Vous l’avez compris, le bio ce n’est pas pour tout le monde. En seulement trois ans, le marché de la Vallée Rose à Fréjus s’est imposé comme l’un des incontournables du département et ne le doit pas à son rayon bio. Pour des raisons personnelles et financières, Christophe Artaud, un des responsables du marché n’en fait pas une priorité. A la place, ils se sont tournés vers une agriculture raisonnée aussi pratique qu’efficace puisque c’est grâce à ça qu’ils se sont fait un nom. La culture raisonnée est entre autres, construite sur la protection de l’environnement et la santé. Comme quoi, les deux ne sont pas si différents.

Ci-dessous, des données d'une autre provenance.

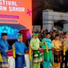 Menteri Pariwisata Sandiaga Uno bersama Ketua DPRD Tanjabbar membuka Festival Arakan Sahur, di Alun-alun Kota Kuala…

Au marché de la Vallée Rose, seule une petite partie des rayons et des étals sont réservés à ces produits bio. Ça n’a l’air de déranger personne, et surtout pas leurs clients.

Expliquez-nous comment fonctionne ce marché ?

Beaucoup de nos produits viennent d’agriculteurs locaux. Ces producteurs s’occupent des caisses à tour de rôle et travaillent pour tout le monde. Nos caisses marchent par code et chaque producteur à un numéro de famille. Par exemple aujourd’hui, on a une jeune fille qui fait les fromages de vache, une autre qui s’occupe de la bière. C’est ça, les familles. Demain, quelqu’un d’autre viendra pour les œufs, une dame pour la volaille, une autre pour les fleurs. C’est chacun son tour et ça nous permet surtout de ne pas prendre d’employés.

La culture bio, vous y pensez ?

On commence à se pencher là-dessus. Nous n’avons pas le label bio mais on installe des pièges contre les insectes pour les pêches et les tomates par exemple. Pour les pêches, il y a aussi la confusion des insectes : ce sont des diffuseurs qui affolent et qui luttent contre les insectes. Les gens commencent à nous connaître et savent comment on travaille ici. C’est pour ça qu’on a pas pris le label. Puis il coûte aussi très cher et le cahier des charges prend beaucoup de temps. Et on en manque un peu.

Une partie de votre marché est quand même consacré au bio

On a une partie qui est bio. On a les fromages de brebis, le pain, tout ce qui est jus de fruits, viande de bœuf etc. Après, certains de nos producteurs sont bio mais n’ont pas demandé le label parce que c’est un coût, mais fonctionnent comme tel. Les fruits et légumes sont issus de la culture raisonnée. On a également deux-trois producteurs qui font ce que nous n’avons pas et ce qu’on ne peut pas faire dans le coin, toujours en culture raisonnée.

Quelles sont les différences entre l’agriculture bio et l’agriculture raisonnée ?

Le traitement est la principale différence. En bio, on traite en prévention avec des produits autorisés. Nous par contre, on ne traite pas en prévention sauf en cas de nécessité absolue. On essaie de trouver des solutions le plus naturellement possible. Par exemple, on fait de la courgette et nous n’avons pas eu besoin de traitement jusqu’à présent.

Vous n’utilisez pas de pesticides alors ?

Aucun pesticide ! On n’en met pas. D’ailleurs, on nous a fait les prélèvements récemment et ils n’ont rien trouvé, impeccable.

Qui sont vos clients ?

80% de notre clientèle est locale. Après, de plus en plus de restaurateurs commencent à venir nous voir. Par contre nous ne faisons pas de prix en gros. Parfois quelques petites ristournes mais on ne peut pas en faire beaucoup. Nos prix restent raisonnables et abordables.

Vous avez eu du mal à faire votre place ?

Au départ, on n’a pas commencé avec tous ces producteurs, on avait un peu de mal. Les gens n’y croyaient pas trop. On est arrivé à trouver une clientèle petit à petit. Puis quand ils ont su et vu que ça marchait, qu’on vivait de notre métier… Enfin on vit de notre métier ! Ça, c’est le plus important. D’ailleurs, dans certaines familles, les jeunes étaient partis vers une autre direction et sont finalement revenus à l’agriculture.